Why They Might Be Good: Amare Stoudamire has apparently fully recovered from last year’s knee issues, although it’s been reported that his vertical leap took a hit, dropping from eight feet to 6.5 inches. And Steve Nash has vowed to play this season with a chip on his shoulder—although since he’s a super-nice Canadian chap, the chip is only the size of an Intel 64-bit microchip.

Why They Might Suck: After the Suns were knocked out of the playoffs by the eventual Western Conference champ Mavericks, Coach Mike D’Antoni told his team that they were concentrating too much on their defense. “The Mavs averaged 155.2 points against us,” D’Antoni later told reporters. “All that defense takes away from our offense, so we’d like to see that number up in the 160s.”

The Dude Other Than Nash Who I Want on My Fantasy Team: Boris Diaw.
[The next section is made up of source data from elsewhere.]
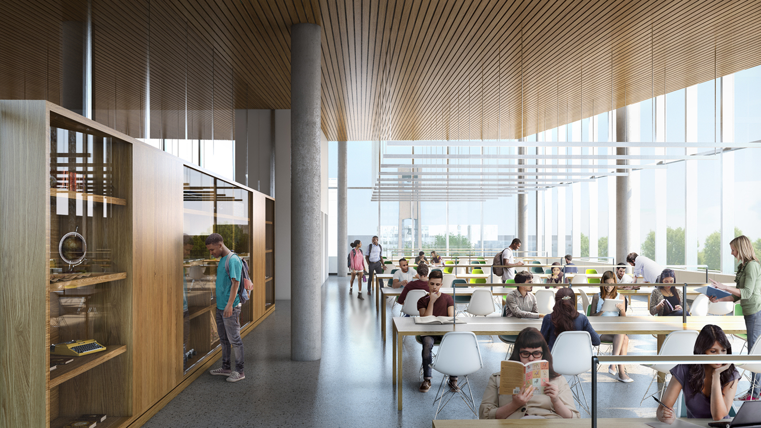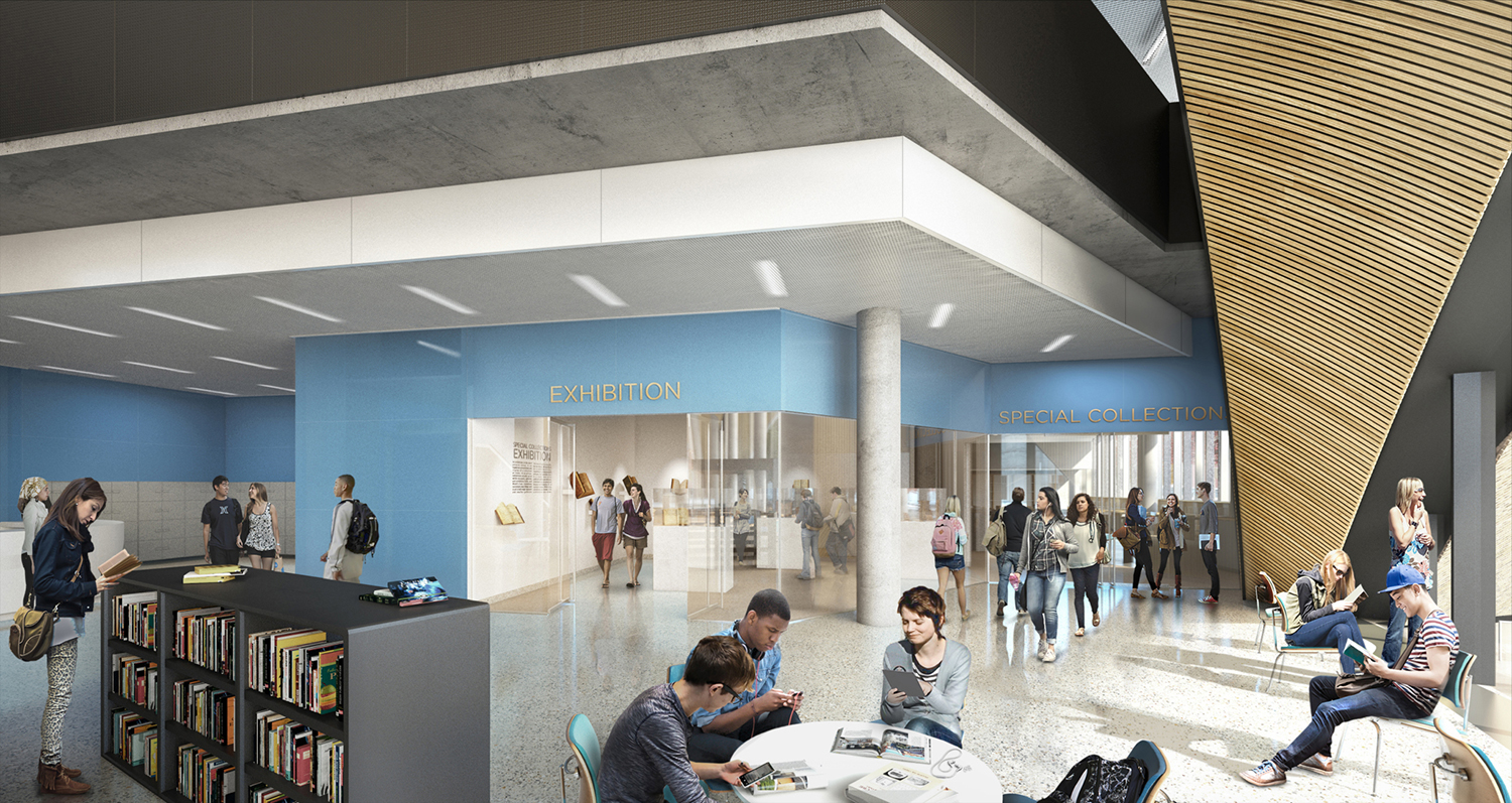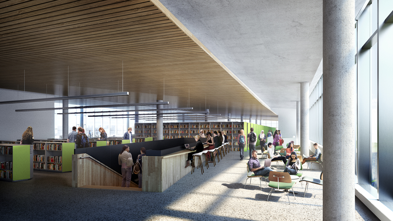 Although Temple’s new state-of-the-art library at the heart of Main Campus is still little more than a giant hole in the ground, library architects Snøhetta released new digital renderings earlier this summer that offer first hints of the building’s planned interior. For those who can’t bear waiting for the library to open in late 2018, here’s a short guided tour.
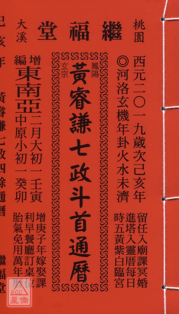 2019黃睿謙七政四餘通曆(平本通書)【民國108年】
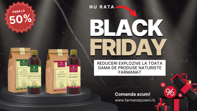 În această perioadă de oferte de Black Friday din România, transformă cumpărăturile într-o alegere conștientă - nu doar o vânătoare de prețuri. Fii atent ce și de unde cumperi, pentru că nu toate produsele naturiste oferă aceleași standarde de calitate și puritate. Alege Farmanatpoieni.ro - soluții naturale, aflate acum în promoțiile de Black Friday.
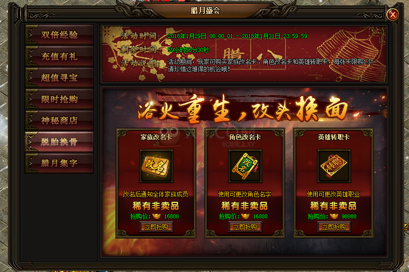 6.活动期间,可购买家族改名卡、角色改名卡和英雄转职卡,每张卡限购1次,预购从速!

The French phenom is comfortable playing center, power forward, small forward, medium forward, two guard, point guard, right guard, right tackle, shortstop and extra crispy forward.

Bottom Line: This edition of the Phoenix Suns is the right team in the wrong era. If they were around when the Showtime Lakers were at their showiest and defense was a dirty word, they might’ve stood a chance. Sadly, their Wayback Machine won’t be available until late 2009.